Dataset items
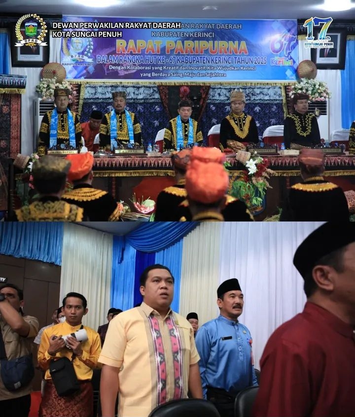 Rapat Paripurna tersebut dihadiri oleh Gubernur Jambi Alharis dan Ketua TP-PKK Provinsi Jambi, para Kepala Daerah se-Provinsi Jambi, Forkopimda, anggota DPRD Kabupaten Kerinci, serta tamu undangan lainnya, termasuk unsur pimpinan daerah dari Kota Sungai Penuh dan tokoh masyarakat Kerinci.
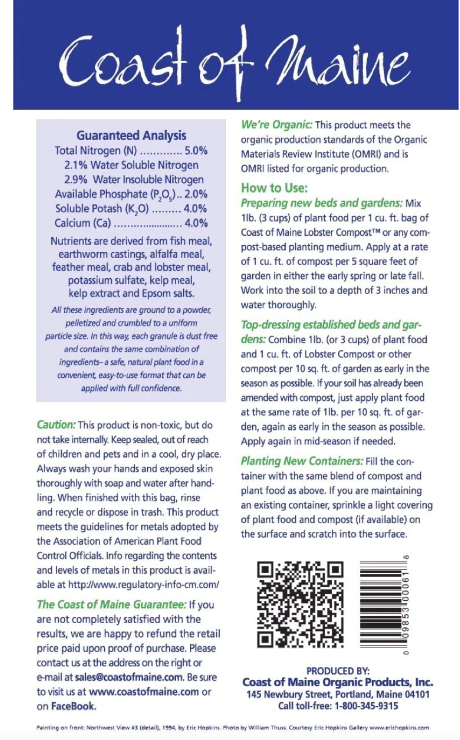 Coast of Maine Stonington Blend Grower’s Mix is a complex “super soil” designed for high performance container growing. It works well with tomatoes, and, where growing cannabis and medical marijuana is legal, growers have reported tremendous results. Rich in nutrients and formulated with amendments designed to boost budding, blooming, and root development, Stonington Blend™ also provides the ideal balance between water retention, soil texture, drainage and aeration in a consistent growing medium. This soil incorporates mycorrhizal fungi, kelp, fish bone and alfalfa meal, as well as worm castings, peat, coir and lobster compost. On its own, it is enough to feed a single cannabis plant through a full grow cycle in a 15-gallon pot. Just add water! There is no need for expensive nutrients. This blend will save you time and money and give you tremendous results!
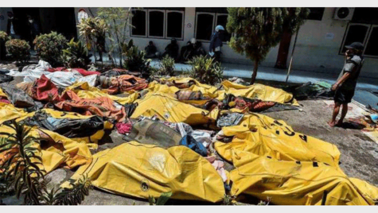 വെള്ളിയാഴ്ചയാണ് 7.5 രേഖപ്പെടുത്തിയ ഭൂകമ്പത്തെതുടര്‍ന്ന് കടലോര നഗരമായ പാലുവില്‍ സുനാമിയുണ്ടായത്. കടല്‍തീരത്ത് പകുതി മണ്ണില്‍ മൂടിയ മൃതദേഹങ്ങള്‍ കണ്ടതായി റിപ്പോര്‍ട്ടുകളുണ്ട്. ഒട്ടേറെ വീടുകള്‍ ഒഴുകിപ്പോയി. ദുരന്തത്തില്‍ 384 പേര്‍ മരിച്ചതായി സ്ഥിരീകരിച്ചതായി ദുരന്ത നിവാരണ ഏജന്‍സി അറിയിച്ചു. ദുരന്തബാധിതമായ ചില പ്രദേശങ്ങളിലേക്ക് രക്ഷാപ്രവര്‍ത്തകര്‍ക്ക് ഇതുവരെ എത്താന്‍ കഴിഞ്ഞിട്ടില്ല.
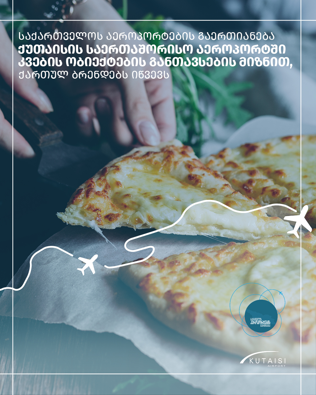 საქართველოს აეროპორტების გაერთიანება ქუთაისის საერთაშორისო აეროპორტში ქართული კვების ობიექტების განთავსების მიზნით ქართულ ბრენდებს იწვევს
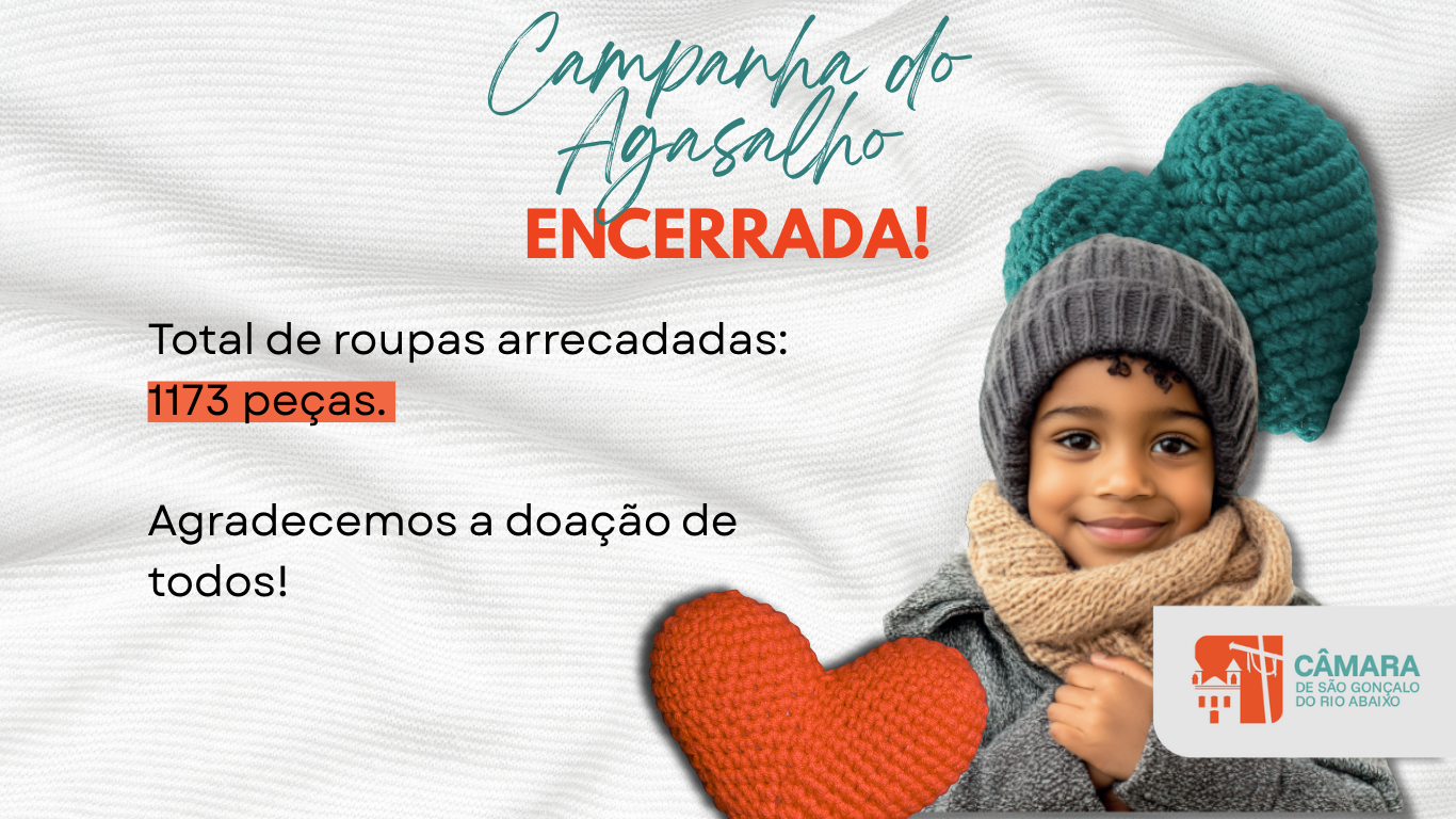 A Campanha do Agasalho é uma ação anual do Legislativo de Municipal, coordenada pela Escola do Legislativo e tem como meta amparar pessoas em vulnerabilidade social da cidade e da região, na estação mais fria do ano. A Câmara de São Gonçalo agradece a todos que se mobilizaram e contribuíram com as doações para aquecer o inverno de quem mais precisa.
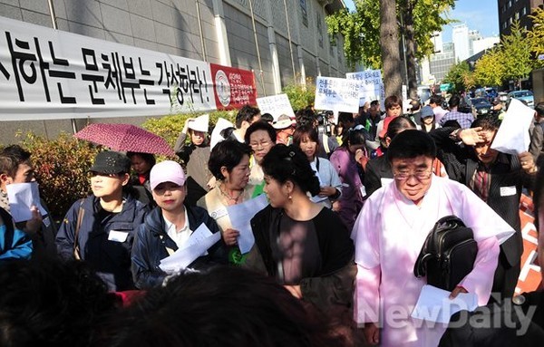무형문화재 보유자들이 이렇게 대규모로 시위를 벌이기는 처음이다.
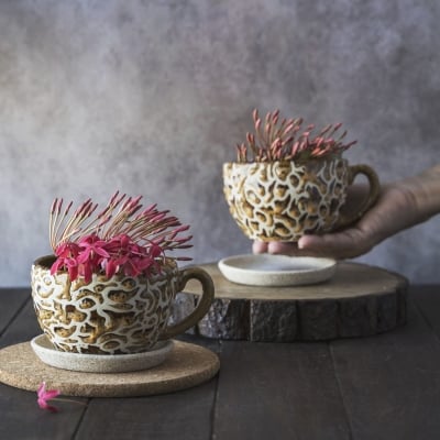 Garden Gleams Brown Cup Planter Pot Set of 2
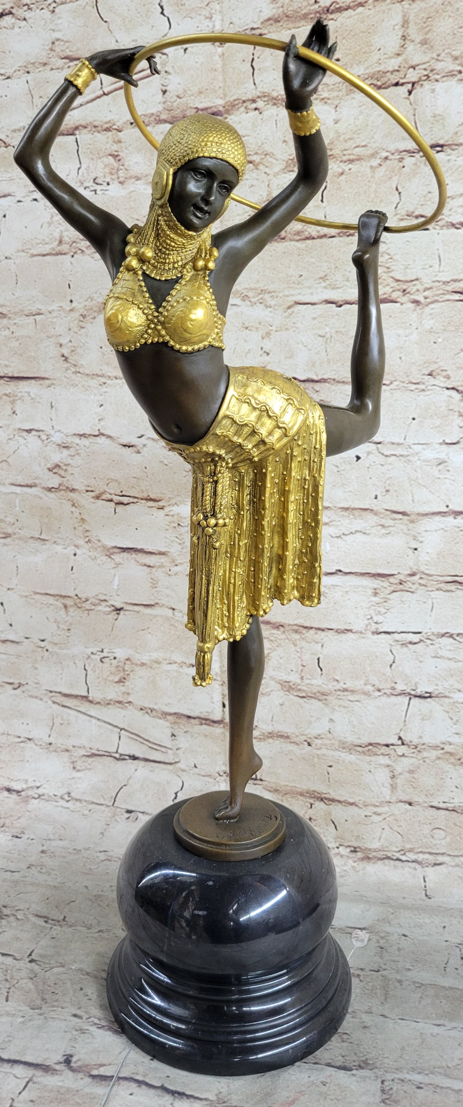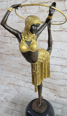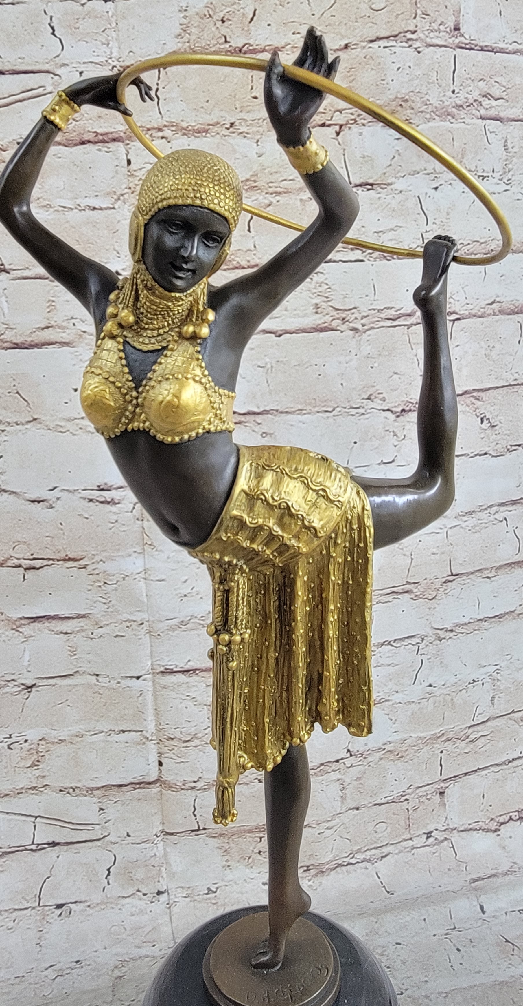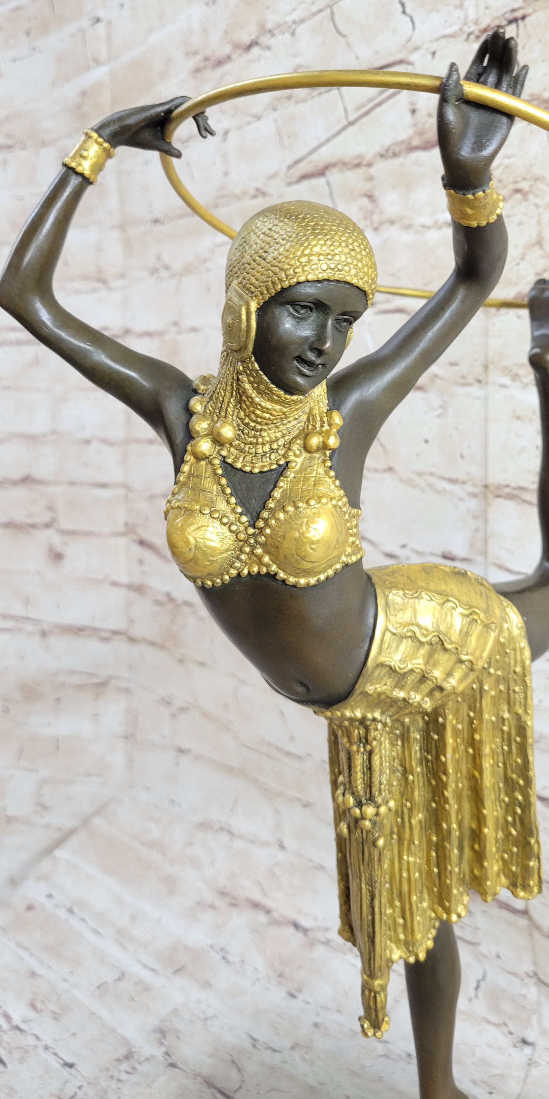 Flexible and nimble on the tips of her dancers toes, this graceful belly dancer will remind you of the scandalous Mata Hari. She twirls a hoop above her head, stretching her long leg behind her and looping her toes through the center, resting them on the rim. Her delicate hands don’t grip the hoop, allowing it to glide through her palms. She wears a beaded headdress that covers her entire head and neck. Her bra and shimmy skirt are beaded as well, leaving her round belly exposed. Her skirt flows down the length of her leg with the fine detail of the sequins on it. A thick sash wraps around her curvy waist and the strings are gathered together in the front. 100% bronze and handmade, this brown patina sculpture was cast using the “Lost Wax Method” and is mounted on a round black marble base. This sculpture was signed by the artist D.H. Chiparus.Bronze Dimensions with Marble Base: Height 20 " x Width 10"

* _ASSIGNMENT_
Using the records above, return verbatim only the part that opens with the line containing "무형문화재 보유자들이 이렇게 대규모로 시위를 벌이기는 처음이다." and closes with the line containing "Garden Gleams Brown Cup Planter Pot Set of 2"; pictures stay out.

* _EXERCISE SOLUTION_
무형문화재 보유자들이 이렇게 대규모로 시위를 벌이기는 처음이다.
 Garden Gleams Brown Cup Planter Pot Set of 2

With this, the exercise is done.